In the records below, the line that contains "In occasione di" marks the start. Copy it and each line after it through the end, exactly, without pictures.

Collected data:
^^^^^^^^^^^^^^^^

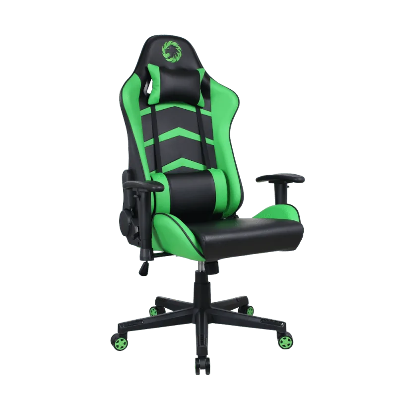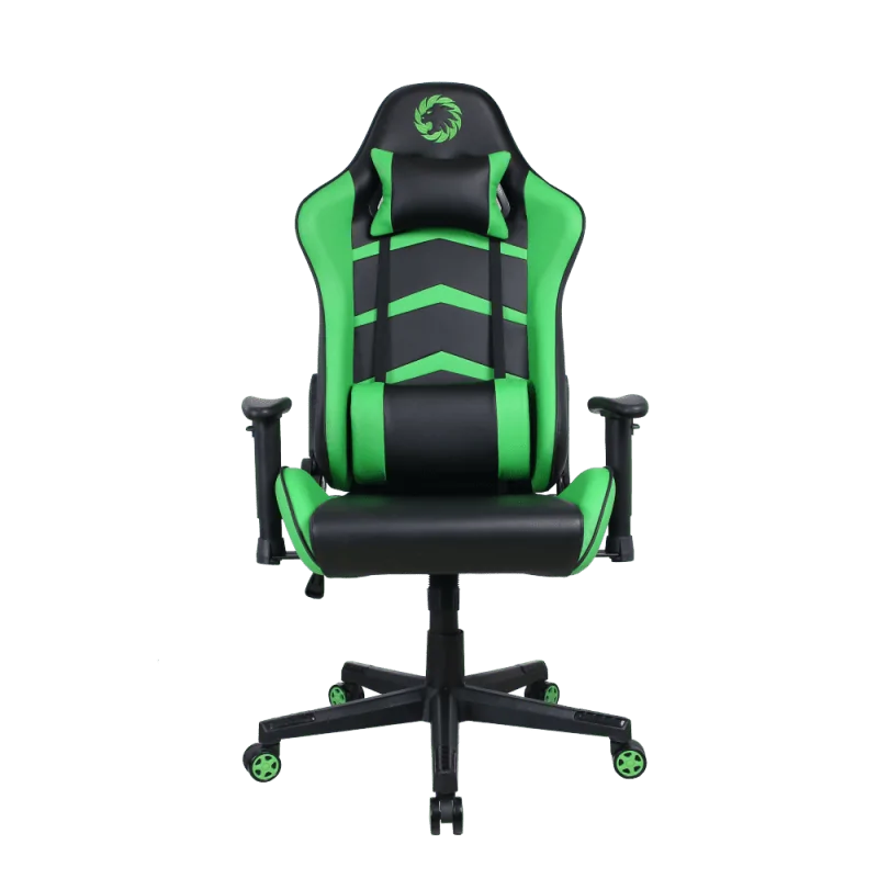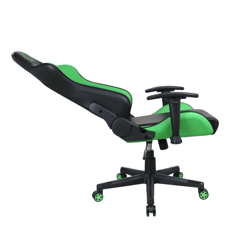 Silla gamer GameMax GCR09 GR con diseño ergonómico tipo racing, respaldo reclinable, elevador de gas, tapizado en cuero sintético y base resistente. Ideal para gaming, oficina y home office.
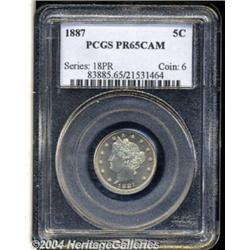 <table><tr><td><table><tr><td>1887 5C PR65 Cameo PCGS. Nicely mirrored with noticeable mint frost over the devices. The surfaces are mostly brilliant but there is just the slightest hint of light rose coloration on each side. Pinpoint striking details. <BR><BR><B>Important notice:</B> Heritage usually auctions material at the rate of 200-250 lots per hour. On some occasions eBay Live bid software or the Internet may not be able to keep up with the pace of the auction. We recommend placing a realistic absentee bid now as insurance to avoid disappointment. Occasionally the auctioneer may eliminate or reject an eBay Live bid, and the auctioneer may also reopen a lot after the close of the eBay live bidding (usually because we missed an audience bid), and may reject your bid even if it shows you as the winning bidder. By bidding via eBay Live, you agree that Heritage may award the lot to another bidder at its sole discretion under the circumstances described above or any other reasonable circumstances. Since eBay bids are not shown to us until we open the lot on the floor, we treat those bids just like floor bids. In most cases the floor responds before the eBay bid is presented to us, due to Internet lag time, so for consistency we have made it a policy that floor bids are always considered first over tie eBay live bids. Also please note that all Heritage lots purchased through eBay Live carry a 20% Buyer's Premium. Please make sure you read the Terms and Conditions before you bid. <BR><BR><B>IMPORTANT ANNOUNCEMENT ABOUT RESERVES:</B> Heritage now divulges all reserves on its web site 7 days before every auction. If you want to know whether the reserve on this lot has been met, and if not, what the reserve amount is, please visit this lot page on the HeritageCoin.com web site, or email: bid@HeritageGalleries.com </span></font></td></tr></table></td></tr></table>
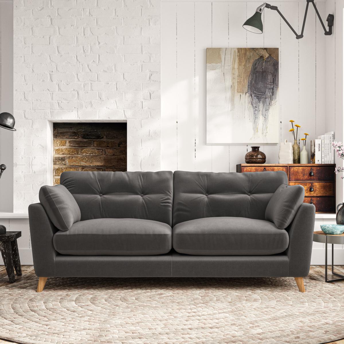 I’m a fan of the Peyton sofa in charcoal velvet for its sleek silhouette and durable, soft finish. The neutral dark grey works well in Scandi, modern-industrial or pared-back contemporary schemes, and the oak legs add a subtle warmth that stops the look feeling too heavy. For styling, layer in cushions in muted pinks or deep ochres to lift the tone and add texture with a chunky knit throw. Position it against a pale wall or next to a matte-black side table for contrast. Keep maintenance simple by giving it a quick vacuum and rotating your cushions regularly to maintain that plush, even look.
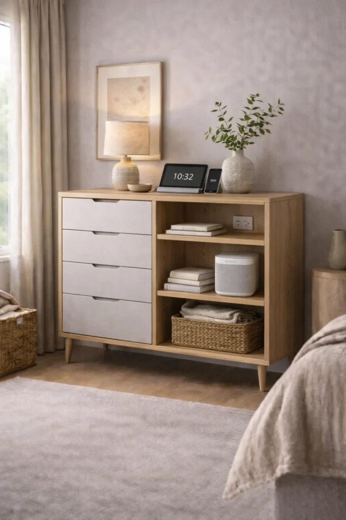 Combining drawers with open shelving adds versatility and visual interest. This chest of drawers idea allows you to display decorative items while keeping essentials hidden.
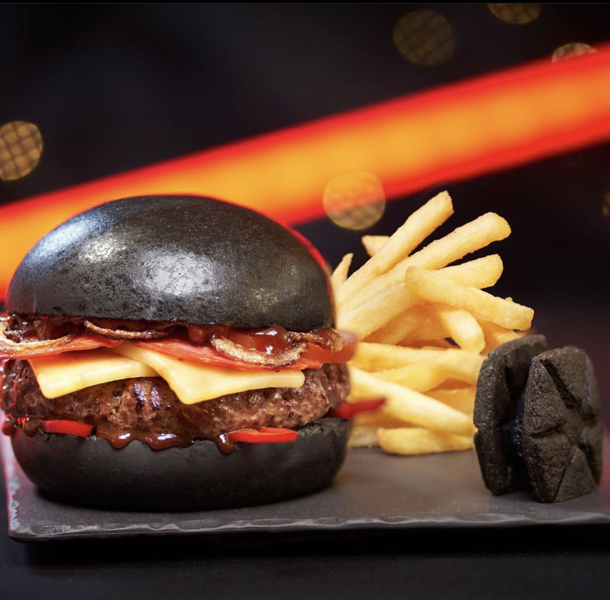 The TIE Fighter burger is served with Pepper Jack Cheese, Chorizo, Tomatoes, Onions, Pepper, and a Chipotle BBQ Sauce. This one reminds us of the First Order Burger we had previously seen in Disneyland!
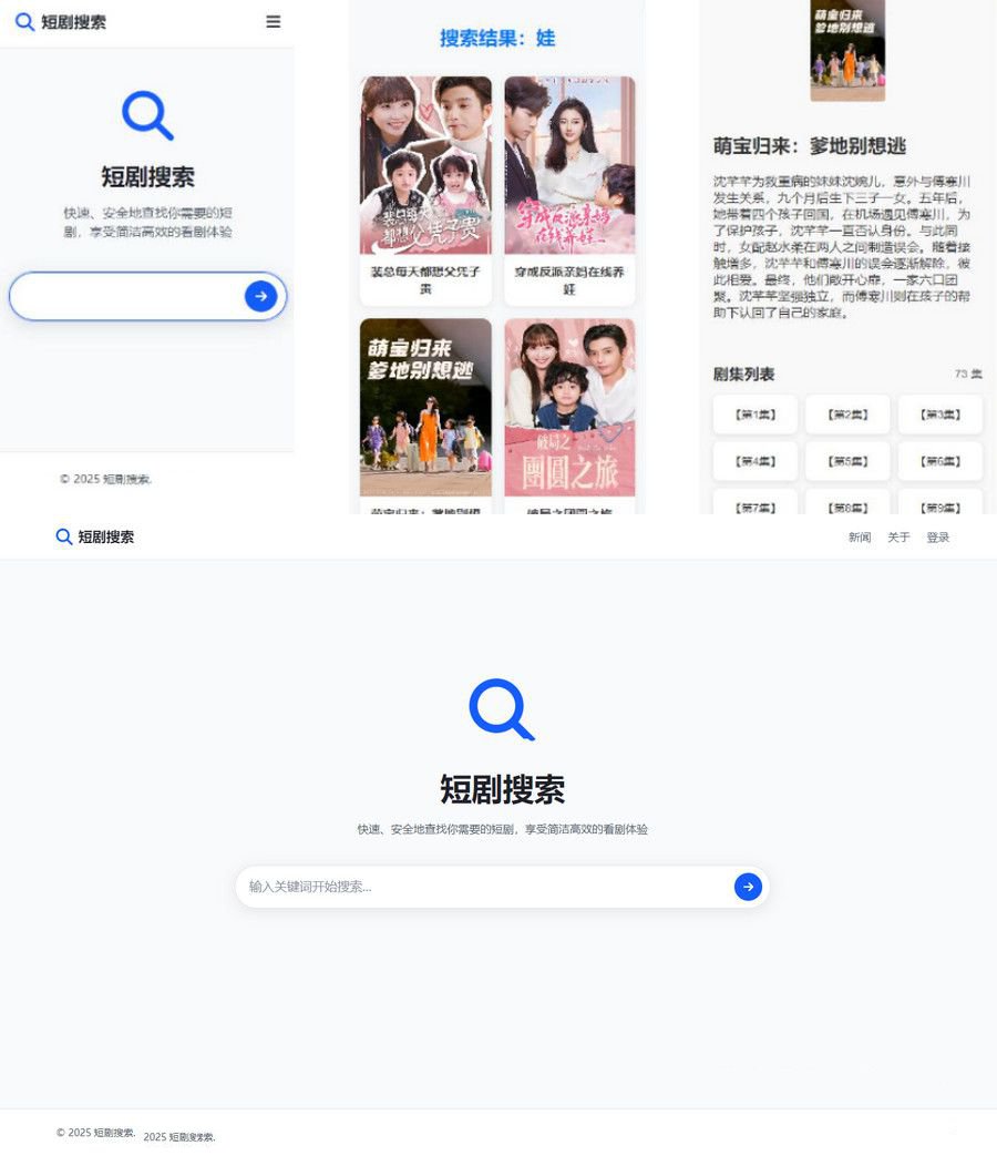 根據 AI 生成的在線短劇搜索支持在線播放源碼,簡單的在線短劇搜索和播放網站,由四個核心文件組成:index.html、search.php、list.php 和 play.php。它注重隱私保護,僅依賴瀏覽器歷史記錄,不保存任何服務器端或第三方的搜索記錄。
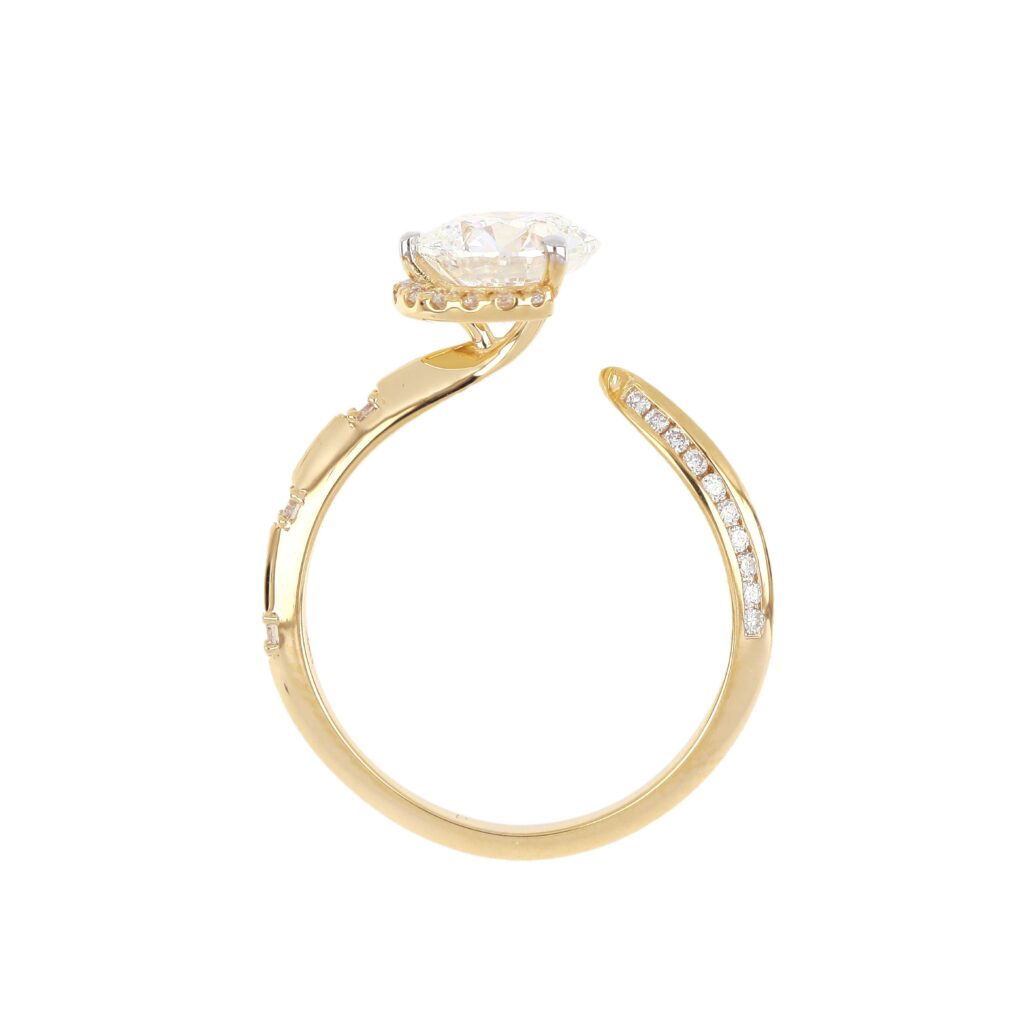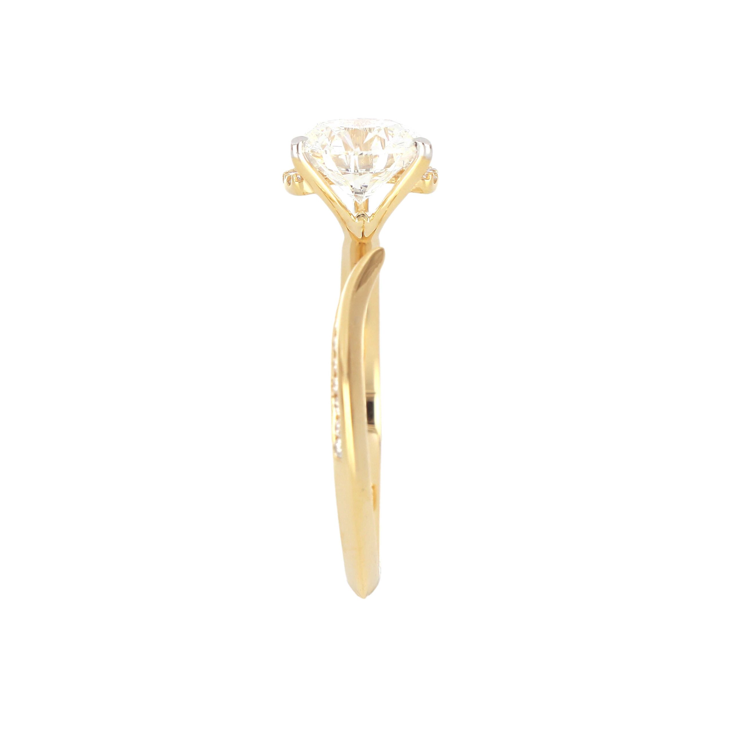 This swirl solitaire ring captivates with its unique design—an open, fluid band that curves gently to cradle a sparkling round stone. It combines modern minimalism with graceful elegance, ideal for those who appreciate artistic design in their jewelry. A bold piece that blends simplicity with sophistication.
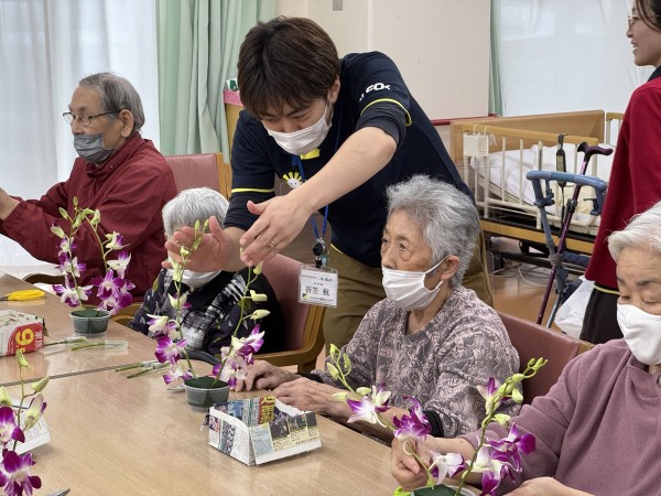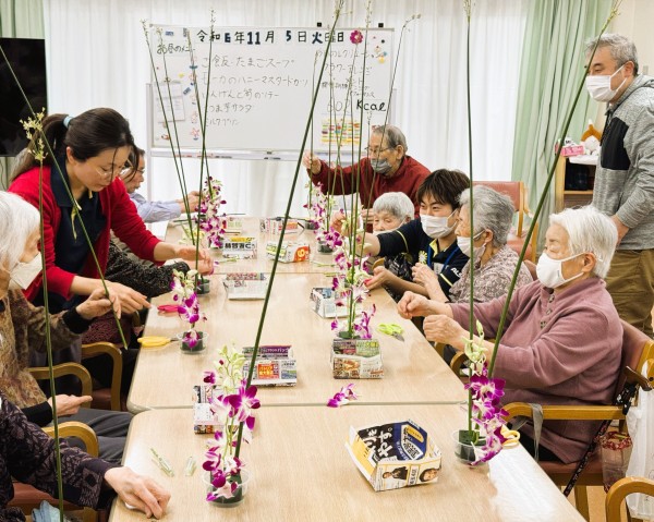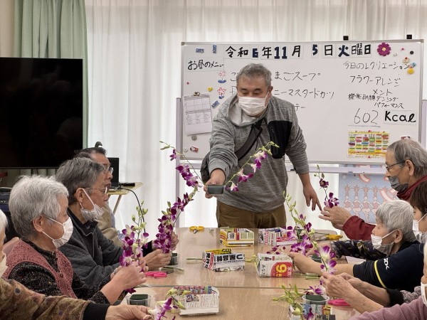本日ご紹介するのは、5日(火曜)に行われました「フラワーアレンジメント」と「機能訓練ダンシングパフォーマンス」となります♪
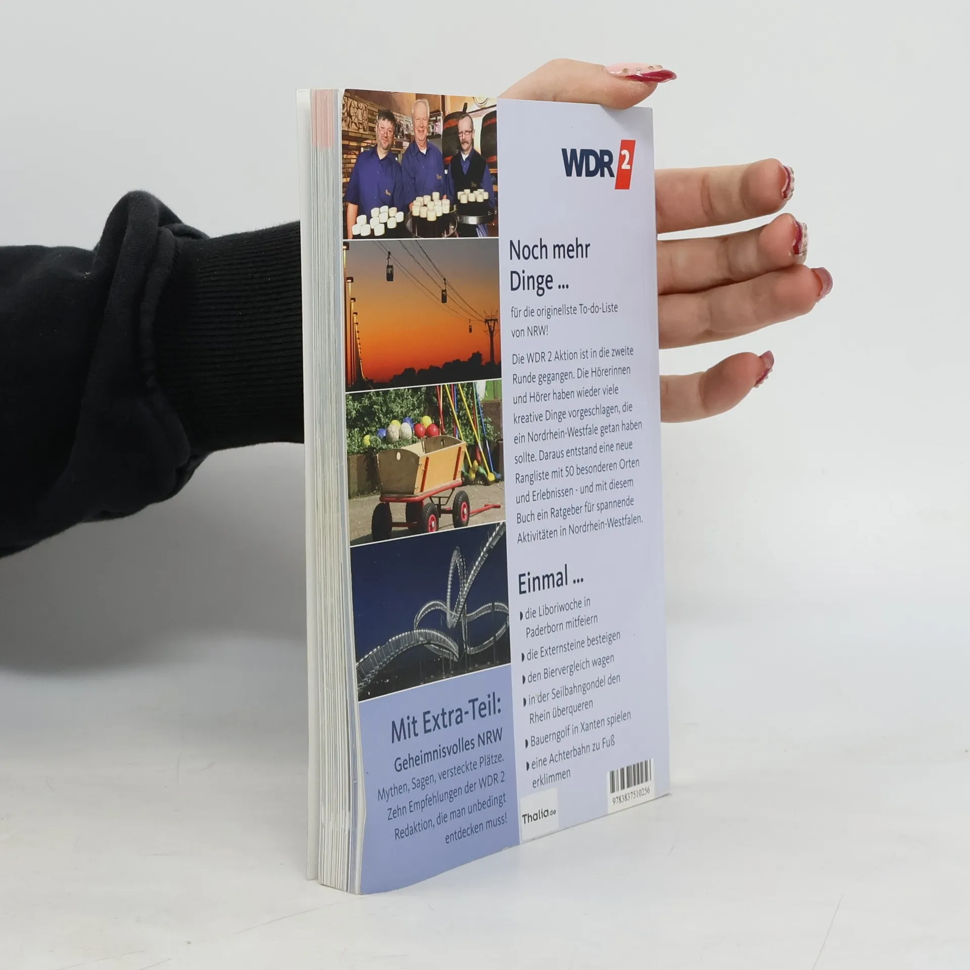 Noch mehr Dinge … für die originellste To-Do-Liste von NRW! Die WDR 2 Aktion ist in die zweite Runde gegangen. Die Hörerinnen und Hörer haben wieder viele kreative Dinge vorgeschlagen, die ein Nordrhein-Westfale getan haben sollte. Daraus entstand eine neue Rangliste mit 50 besonderen Orten und Erlebnissen und mit diesem Buch ein Ratgeber für spannende Aktivitäten in Nordrhein-Westfalen. Einmal … - die Liboriwoche in Paderborn mitfeiern - die Externsteine besteigen - den Biervergleich wagen - in der Seilbahngondel den Rhein überqueren - Bauerngolf in Xanten spielen - eine Achterbahn zu Fuß erklimmen und vieles mehr. Mit Extra-Teil: Geheimnisvolles NRW Mythen, Sagen, versteckte Plätze. Zehn Empfehlungen der WDR 2 Redaktion, die man unbedingt entdecken muss!
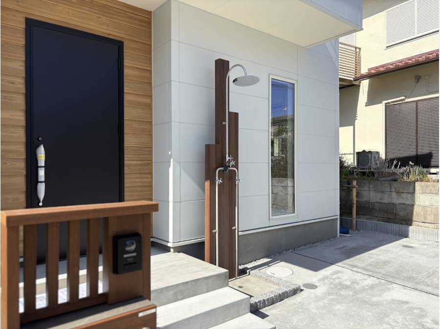 カースペースは並列で2台分を確保し、湘南ライフに便利な「外シャワー」も設置。海遊びからの帰宅も快適です。
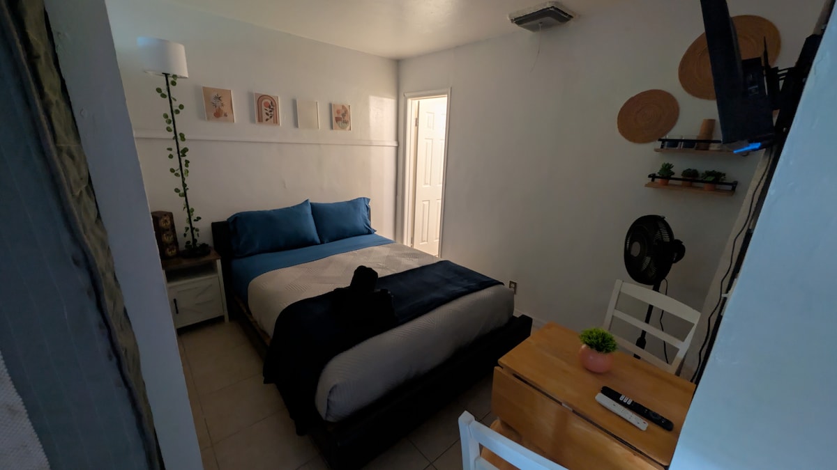 Luxurious Private Studio w/ Private Entrance (440 sq ft- can fit 3 people/2 cars) is attached to our home & 1.7 miles from beach & adjacent to Ft Lauderdale. Park under the covered carport. 1 Queen Bed (& 1 Queen Size-Blow Up Mattress), 1 Bath, Kitchenette, Fiber Optic Wifi, Flat Screen TV (140 channels), Impact Windows, Huge Closet, Fan/light, AC w/ remote, Desk, Chair, fold up/down Table for eating w/ chairs, small Fridge, Microwave, Toaster Oven, Foreman Grill, Hot Plate Stove, Coffee Maker.
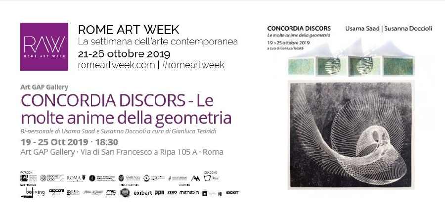 In occasione di Rome Art Week (RAW) la galleria Art GAP è lieta di accogliere, dal 19 al 25 ottobre 2019, la mostra bi-personale, Concordia Discors – Le molte anime della geometria, degli artisti Usama Saad e Susanna Doccioli a cura di Gianluca Tedaldi.
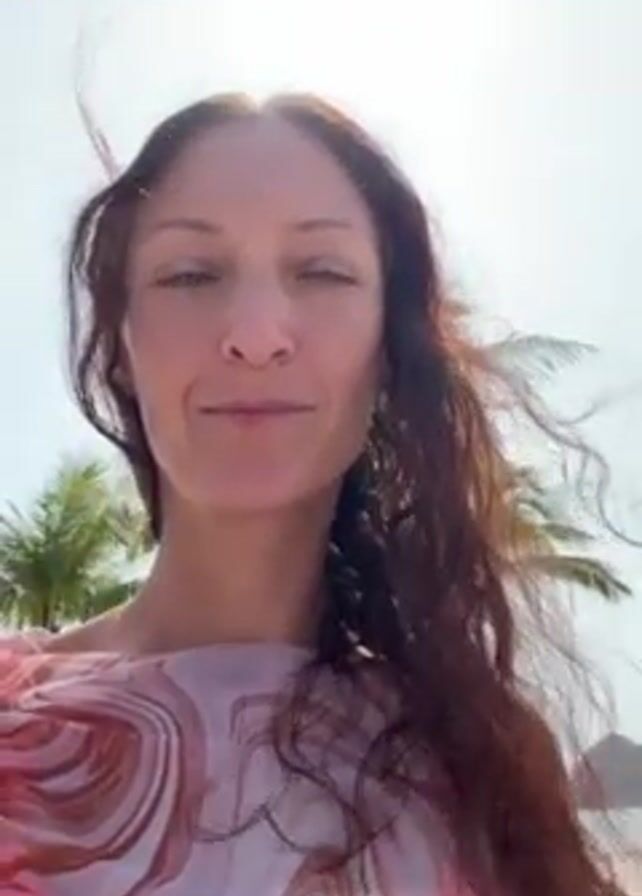 A woman is facing the camera, her face is visible and her expression is pleasant. She has long, wavy, reddish-brown hair that is blowing in the wind. She is wearing a light pink and white patterned top. Behind her is a beach with palm trees and a body of water with large rock formations in the distance. The sky is bright and clear.

^^^^^^^^^^^^^^^^

Result for this task:
 In occasione di Rome Art Week (RAW) la galleria Art GAP è lieta di accogliere, dal 19 al 25 ottobre 2019, la mostra bi-personale, Concordia Discors – Le molte anime della geometria, degli artisti Usama Saad e Susanna Doccioli a cura di Gianluca Tedaldi.
 A woman is facing the camera, her face is visible and her expression is pleasant. She has long, wavy, reddish-brown hair that is blowing in the wind. She is wearing a light pink and white patterned top. Behind her is a beach with palm trees and a body of water with large rock formations in the distance. The sky is bright and clear.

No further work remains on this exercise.